Published in final edited form as: Immunity. 2020 Dec 15;53(6):1136–1150. doi: 10.1016/j.immuni.2020.11.006

Figure 1. Effectors driving the switch between EF or GC responses.

Figure 1.

Effector molecules can influence the dominance of EF or GC responses by directly acting on B cells, or indirectly by promoting or repressing TFH differentiation. IL-6 drives TFH differentiation, thereby promoting GC, while pro-inflammatory molecules (IL-12, IFNγ, TNFα, and IL-2) repress TFH and downstream GC. IL-12 also promotes T cell proliferation, therefore a balance of proliferation and repression of TFH differentiation must be struck for optimal TFH/GC formation.
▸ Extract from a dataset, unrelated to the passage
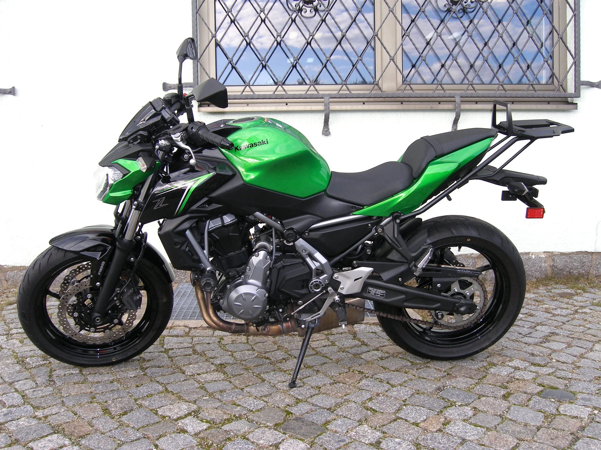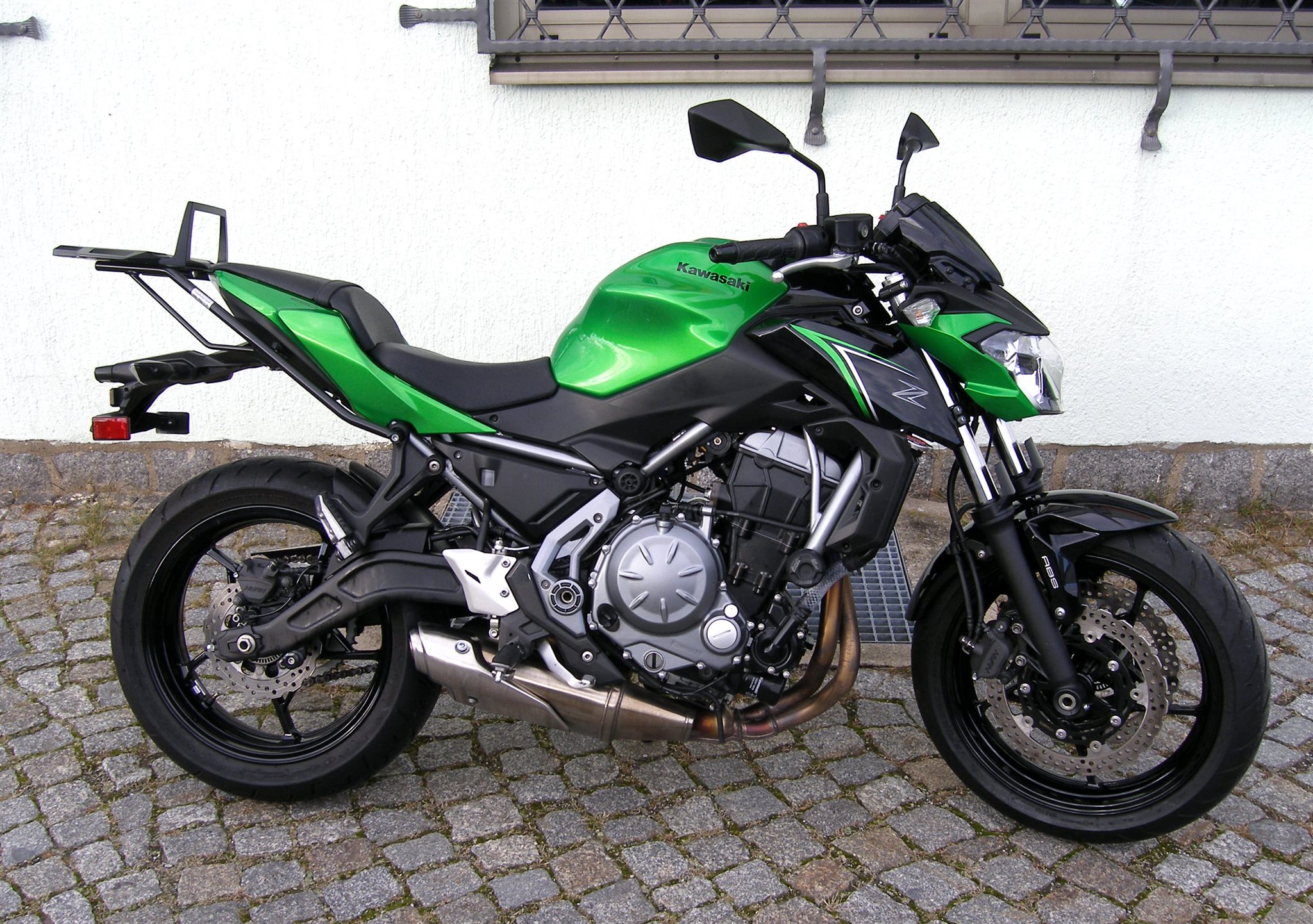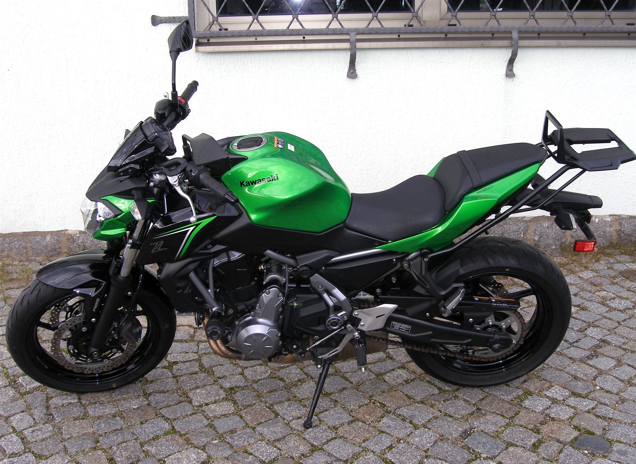 Die Z650 ist technisch und optisch in einem sehr guten Zustand, sie hat GSG-Mototechnik Sturzpads und einen Topcase Träger von Hepco & Becker.

Additional unknown signals can drive the development of T extrafollicular helper cells (TEFH), which promote EF responses. BLyS and APRIL act directly on B cells through the receptor TACI to promote EF responses. TLR7 promotes GC while TLR9 inhibits GCs, although the mechanisms behind these divergent effects are unclear. EF and GCBC both undergo somatic hypermutation (SHM), hence the main difference between them is likely the efficiency of obtaining T cell help that induces further rounds of proliferation and mutation. EF and GC responses both generate MBC. However, subsets of MBC have different origins. CD80- PD-L2- (double negative, DN) MBC are primarily formed prior to GC, and CD80+ PD-L2+ (double positive, DP) are predominantly from GC. LLPC are the latest to form and arise almost entirely, if not exclusively, from GCs.